-- Material provided follows --

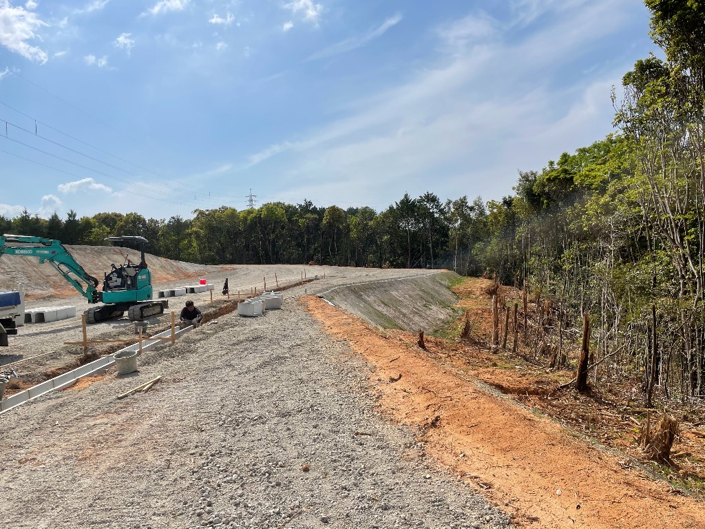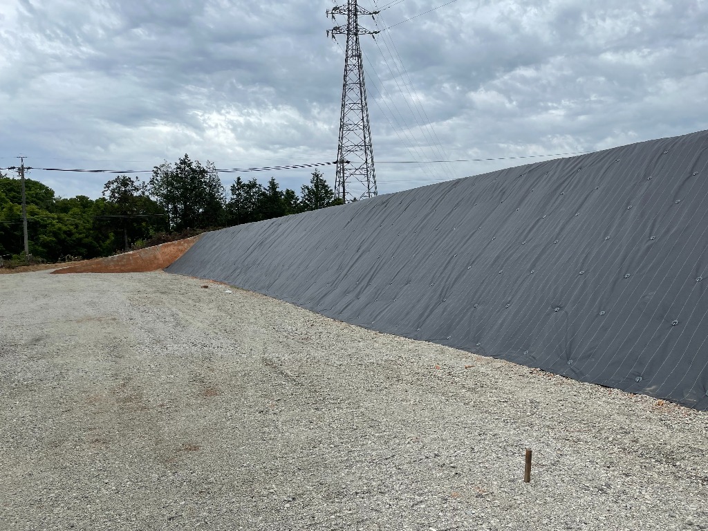 今回法面へ防草シートの貼り付けを行いました。
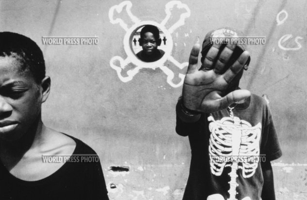 Figyeljünk vissza még egy pillanatra a Word Press Photo 1996-os díjazottjaira! Elsőként az adott évben a nagydíjat is elnyerő Francesco Zizzola beállított viccparádéját említeném! A luandai aknára lépett gyerekekről szóló anyagról csak a hülye nem veszi észre, hogy valamennyi képe beállított! Itt van például ez:
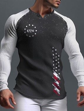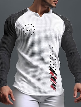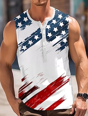 4 lipca 2026 250. Rocznica Dnia Pamięci Męska Projektantska Koszulka Henley z Flagą USA Krótkim Rękawem Na Świeżym Powietrzu Codzienny Sport
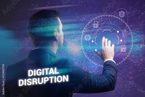 © Egor, Fototapeta premium Business, Technology, Internet and network concept. Young businessman working on a virtual screen of the future and sees the inscription: Digital disruption
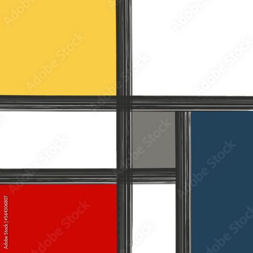 Abstract modern art with colorful (red, grey, dark blue, yellow, white) rectangles and black grunge lines in Mondrian style on white background
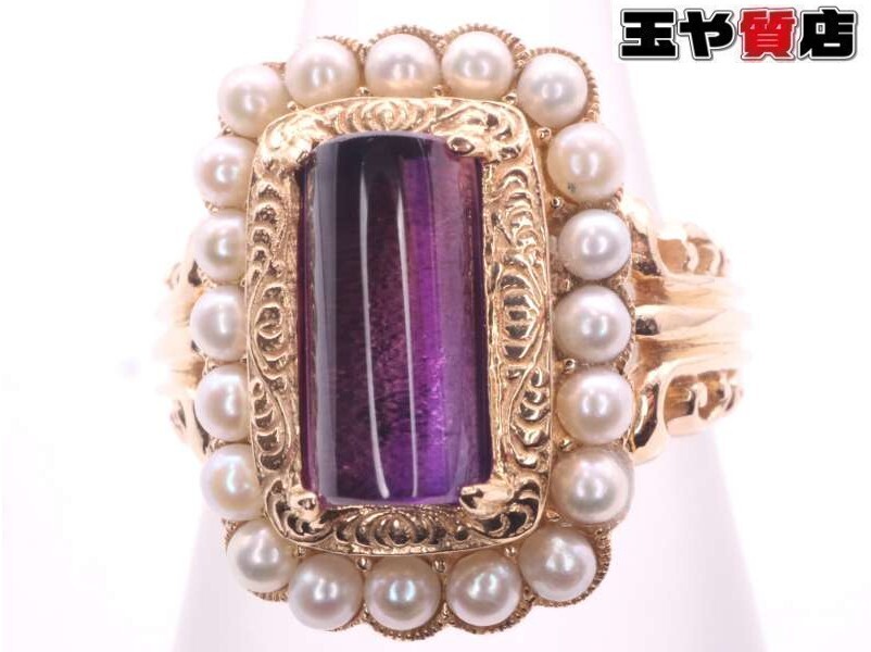 - アメジスト1.3ct パール デザインリング12号弱 K18YG イエローゴールド
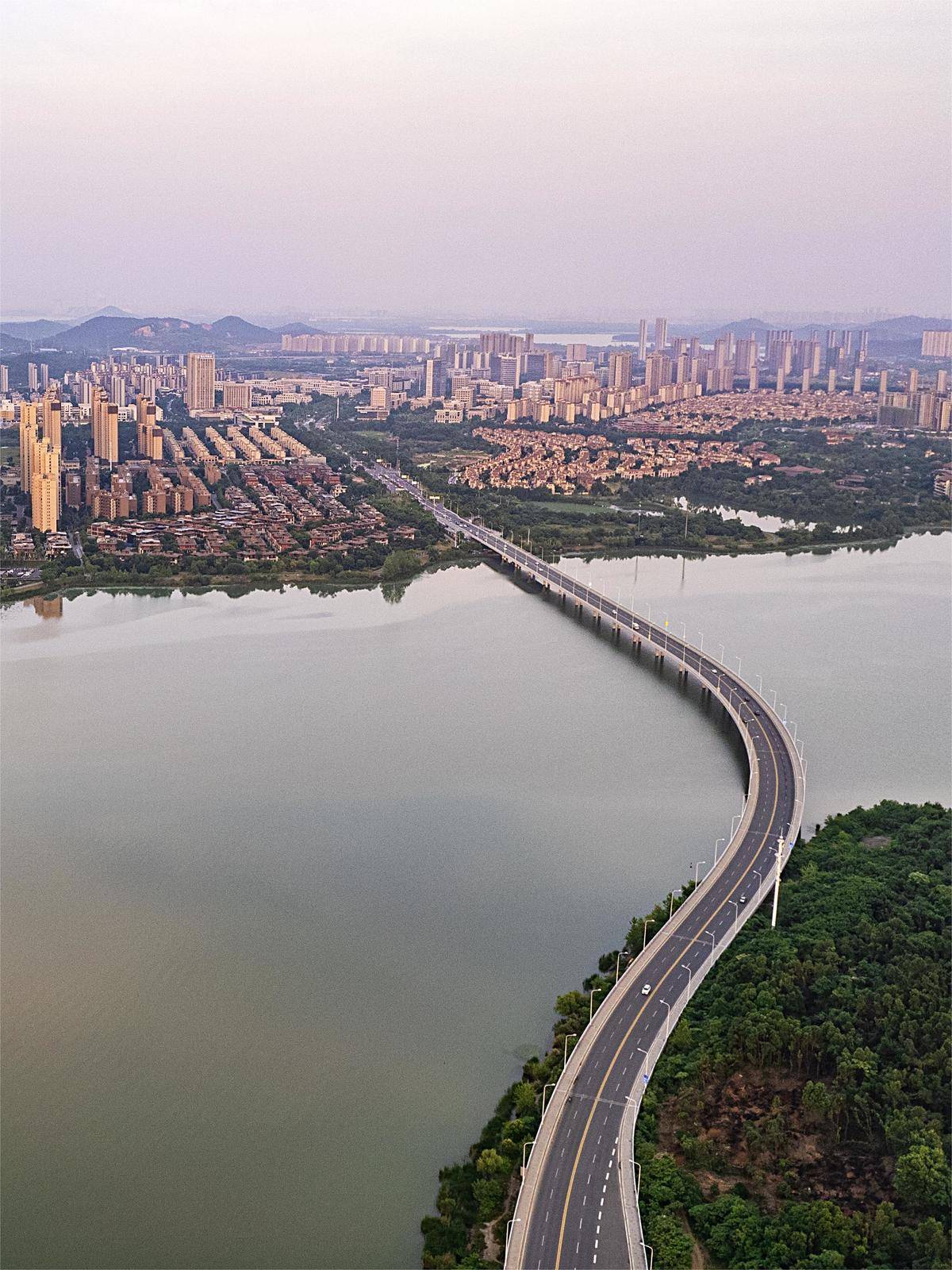 图为航拍高新大道短咀里湖桥两岸的武汉新城光谷片区和鄂州片区。(湖北日报全媒记者 魏铼 摄)
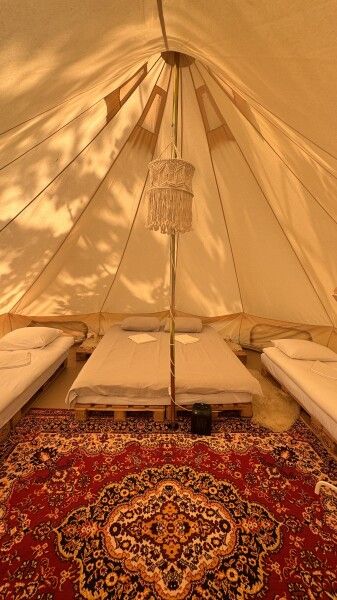 Сердечно благодарю за чудесный отдых в вашем уютном шатре! Ваше гостеприимство и забота позволили нам насладиться каждым моментом отдыха. Я была приятно удивлена, насколько комфортно и тепло в шатре, даже несмотря на мои первоначальные опасения замерзнуть. Утром меня порадовал прекрасный летний теплый душ под открытым небом – это было поистине незабываемо!

-- Material provided concluded --

Your task:
Reproduce verbatim the lines of the material above, beginning with its first line and ending with the line that contains "- アメジスト1.3ct パール デザインリング12号弱 K18YG イエローゴールド"; skip pictures.

Task output:
 今回法面へ防草シートの貼り付けを行いました。
 Figyeljünk vissza még egy pillanatra a Word Press Photo 1996-os díjazottjaira! Elsőként az adott évben a nagydíjat is elnyerő Francesco Zizzola beállított viccparádéját említeném! A luandai aknára lépett gyerekekről szóló anyagról csak a hülye nem veszi észre, hogy valamennyi képe beállított! Itt van például ez:
 4 lipca 2026 250. Rocznica Dnia Pamięci Męska Projektantska Koszulka Henley z Flagą USA Krótkim Rękawem Na Świeżym Powietrzu Codzienny Sport
 © Egor, Fototapeta premium Business, Technology, Internet and network concept. Young businessman working on a virtual screen of the future and sees the inscription: Digital disruption
 Abstract modern art with colorful (red, grey, dark blue, yellow, white) rectangles and black grunge lines in Mondrian style on white background
 - アメジスト1.3ct パール デザインリング12号弱 K18YG イエローゴールド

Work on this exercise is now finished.